About this task:
Restate the listing below word for word. No picture belongs in the result.

Information provided:
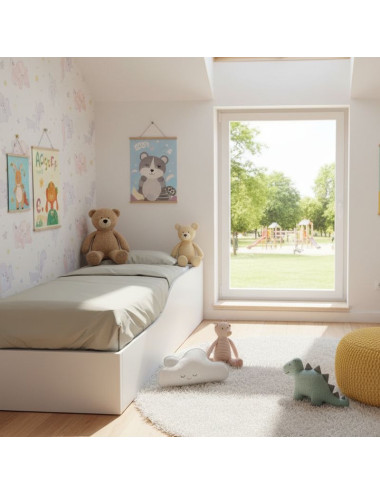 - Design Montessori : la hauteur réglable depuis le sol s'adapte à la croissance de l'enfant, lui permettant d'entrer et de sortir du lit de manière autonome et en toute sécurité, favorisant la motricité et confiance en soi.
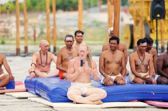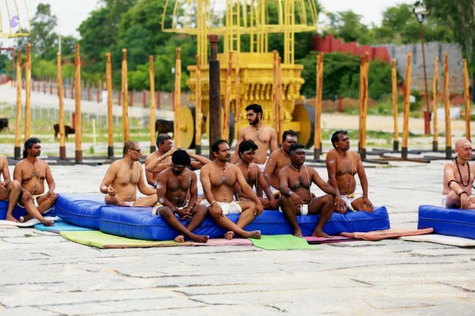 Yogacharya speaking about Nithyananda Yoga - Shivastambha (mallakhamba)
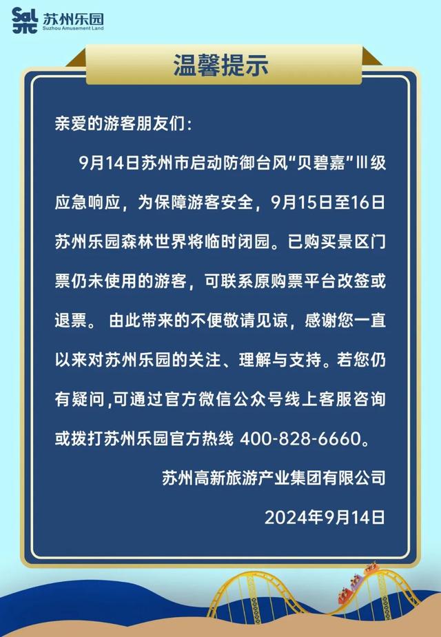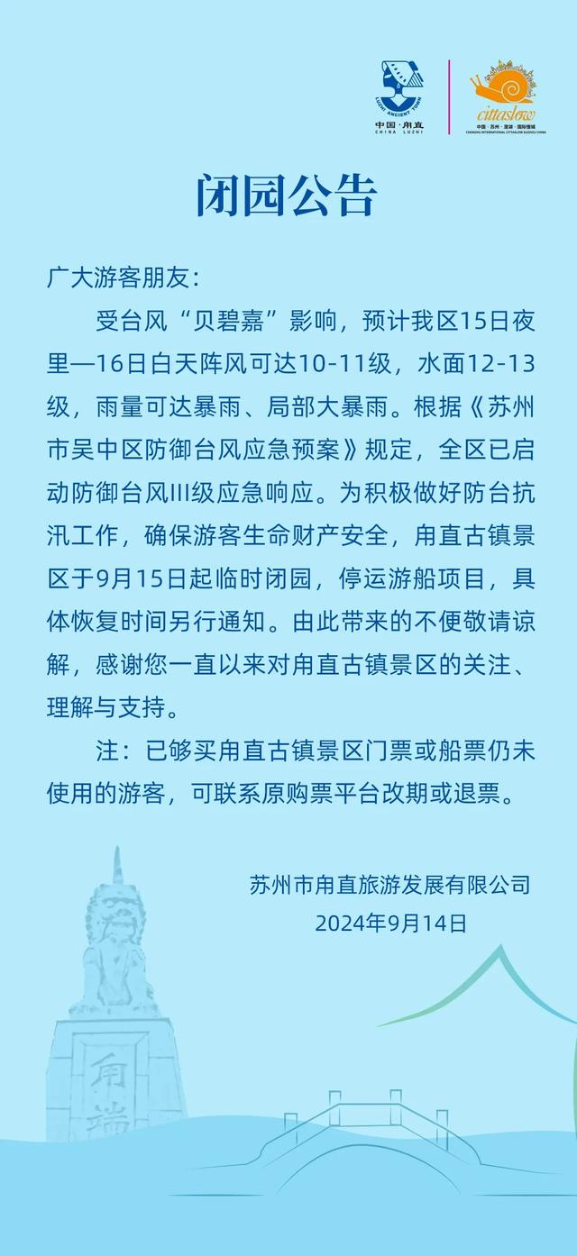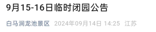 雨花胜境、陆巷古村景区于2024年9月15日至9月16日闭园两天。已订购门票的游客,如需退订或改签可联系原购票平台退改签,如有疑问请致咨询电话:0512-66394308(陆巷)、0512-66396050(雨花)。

Solution:
 - Design Montessori : la hauteur réglable depuis le sol s'adapte à la croissance de l'enfant, lui permettant d'entrer et de sortir du lit de manière autonome et en toute sécurité, favorisant la motricité et confiance en soi.
 Yogacharya speaking about Nithyananda Yoga - Shivastambha (mallakhamba)
 雨花胜境、陆巷古村景区于2024年9月15日至9月16日闭园两天。已订购门票的游客,如需退订或改签可联系原购票平台退改签,如有疑问请致咨询电话:0512-66394308(陆巷)、0512-66396050(雨花)。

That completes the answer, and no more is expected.